Managing Disk Space   «Prev  Next»
Lesson 5File archives
ObjectiveDescribe an archive.

File archives

One way of managing disk space is to create an archive. An archive is a set of files that are packaged into a single, larger file. An archive can be composed of a few files, one or more directories, or an entire directory tree. Archives are useful for making backup copies of your data. For example, you can store an archive[1] on a different computer or on removable media such as magnetic tape. An archive is easy to manage because you treat it as a single file. In addition, compressing an archive saves more space than compressing the same files individually. You may be familiar with archives in a Windows or Macintosh environment. Programs such as WinZip or pkzip create archives that end with a .zip extension. You might hear these archives referred to as zip files.
On UNIX, you create archives by using the tar command, which is short for tape archive. tar was designed for archiving data to tape. You also can use tar to archive data to a file, which is often called a tar file. Tar files typically end with a .tar extension. It is not required, but this convention lets people identify the file as an archive.
Zip files are automatically created in a compressed format, but tar files are not. If you want to compress a tar file, you must run the compress command separately.
You can use the tar command to create an archive, to list the file names in an archive, or to extract[2] files from an archive. The next three lessons describe these tasks.

How are File Archives used in Unix

File archives in Unix are used to package multiple files and directories into a single file for easy distribution or backup. The most common file archive formats in Unix are tar, gzip, and zip. The tar command is used to create a tar archive, which can then be compressed using gzip or bzip2 to create a .tar.gz or .tar.bz2 file. The zip command can be used to create a .zip archive. These archives can then be compressed or uncompressed and extracted using the appropriate commands.

Filesystem Types

Before any disk partition can be used, a filesystem must be built on it. When a filesystem is made, certain data structures are written to disk that will be used to access and organize the physical disk space into files. Table 6-5 lists the most important filesystem types available on the various systems we are considering.

Important filesystem types
Table 6-5. Important filesystem types

Unix Filesystems: Moments from History
In the beginning, there was the System V filesystem, that is where we will start.
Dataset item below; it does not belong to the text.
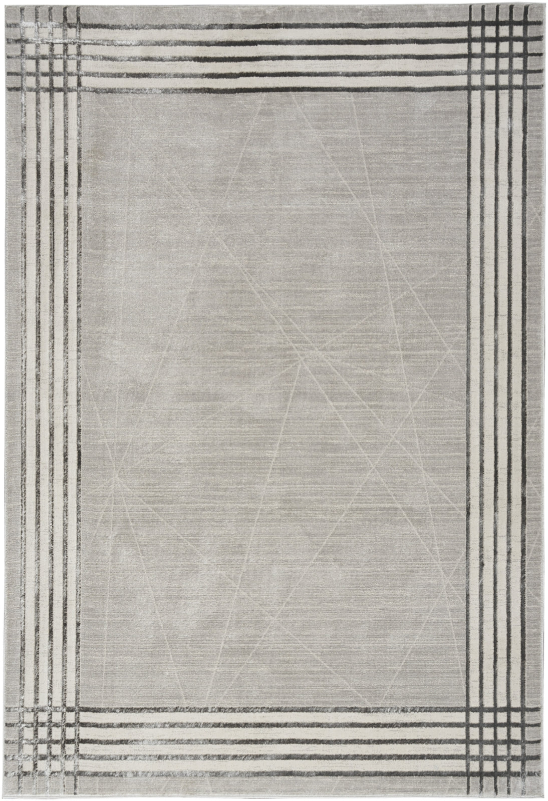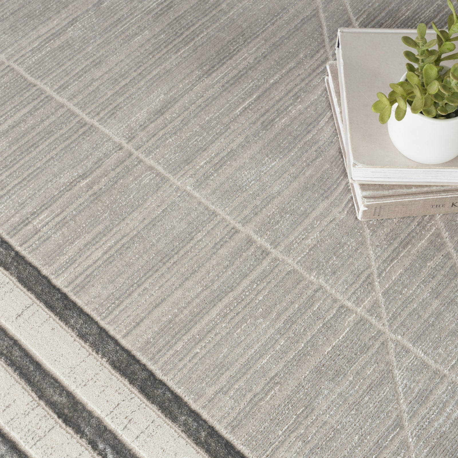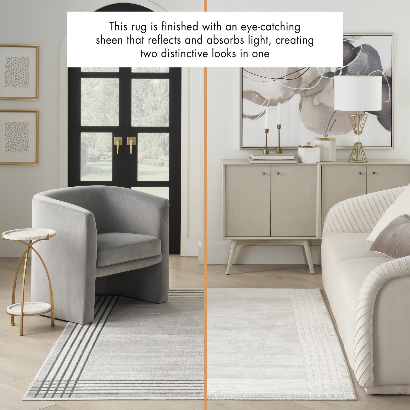 Refresh your space with the clean linear pattern of this abstract rug from the Desire Collection. The heathered grey base is overlaid with a broken stripe design, contrasting charcoal and white linear border, and subtly carved accents that create visual interest. Made from polyester yarns finished with an eye-catching shimmer that changes from black to silver with changes in light, this modern rug is great for busy households with a low-profile, easy to clean construction.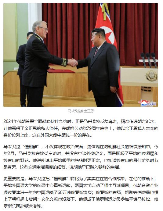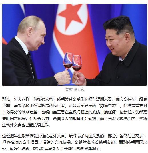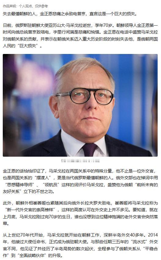 俄驻朝 “摆渡人” 马采戈拉猝然离世,深耕两国外交 40 余年促成全面战略伙伴关系,短期沟通或受影响。 原文来自:华府萝贝贝《失去最懂朝鲜的人,金正恩悲痛之余致电普京,直言这是巨大损失》

This filesystem type once dominated System V–based operating systems. The superblock of standard System V filesystems contained information about currently available free space in the filesystem in addition to information about how the space in the filesystem is allocated. It held the number of
  1. free inodes and data blocks,
  2. the first 50 free inode numbers, and
  3. the addresses of the first 100 free disk blocks.
After the superblock came the inodes, followed by the data blocks. The System V filesystem was designed for storage efficiency. It generally used a small filesystem block size: 2K bytes or less. Traditionally, a block is the basic unit of disk storage;† all files consume space in multiples of the block size, and any excess space in the last block cannot be used by other files and is therefore wasted. If a filesystem has a lot of small files, a small block size minimizes waste. However, small block sizes are much less efficient when transferring large files.

System V filesystem

The System V filesystem type is obsolete at this point. It is still supported on some systems for backward compatibility purposes only. The BSD Fast File System (FFS) was designed to remedy the performance limitations of the System V filesystem. It supports filesystem block sizes of up to 64 KB. Because merely increasing the block size to this level would have had a horrendous effect on the amount of wasted space, the designers introduced a subunit to the block known as the fragment. While the block remains the I/O transfer unit, the fragment becomes the disk storage unit (although only the final chunk of a file can be a fragment). Each block may be divided into one, two, four, or eight fragments. Whatever its absolute performance status, the BSD filesystem is an unequivocal improvement over System V. For this reason, it was included in the System V.4 standard as the UFS filesystem type. This is its name on Solaris and Tru64 systems (as well as under FreeBSD). For a while, this filesystem dominated in the Unix arena.

In the next lesson, you will learn to create an archive.
[1]archive: An archive is a set of files that are packaged as a single, large file.
[2]extract: To extract files from an archive means to copy them out of an archive and onto the filesystem.